(INSTRUCTIONS TO FOLLOW): Every line below must come back exactly as it stands, with the images omitted.

(DATASET EXCERPT):
Start of Block

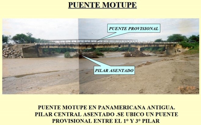 FOTOS: Puente Reque (marzo 1998), FOTO 2: puente Tablazos en Chongoyape, vía a Carhuaquero (marzo 2017), FOTO 2: puente Cascajal en Olmos, FOTO 4: puente Motupe, entre otros casos. (Imágenes del Facebook del ingeniero Arturo Rodríguez Serquén).
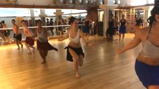 Ženy v taneční škole v Tahiti, tančí místní tance Ori Tahiti. Hudba: John Gabilou – filozof.
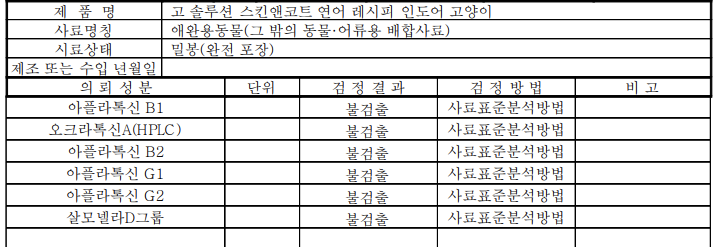 하지만 EU, FDA and CFIA certified 를 획득한 제조시설에서 최고의 품질관리로 제품을 생산하고 있으며, 캐나다에서의 검정 및 국내 국가기관에서의 검정을 거쳐 들어오는 제품이므로 품질이상이나 영양의 불균형은 아니기에 안심하고 급여를 해주셔도 괜찮습니다.

End of Block

(COMPLETED EXERCISE):
 FOTOS: Puente Reque (marzo 1998), FOTO 2: puente Tablazos en Chongoyape, vía a Carhuaquero (marzo 2017), FOTO 2: puente Cascajal en Olmos, FOTO 4: puente Motupe, entre otros casos. (Imágenes del Facebook del ingeniero Arturo Rodríguez Serquén).
 Ženy v taneční škole v Tahiti, tančí místní tance Ori Tahiti. Hudba: John Gabilou – filozof.
 하지만 EU, FDA and CFIA certified 를 획득한 제조시설에서 최고의 품질관리로 제품을 생산하고 있으며, 캐나다에서의 검정 및 국내 국가기관에서의 검정을 거쳐 들어오는 제품이므로 품질이상이나 영양의 불균형은 아니기에 안심하고 급여를 해주셔도 괜찮습니다.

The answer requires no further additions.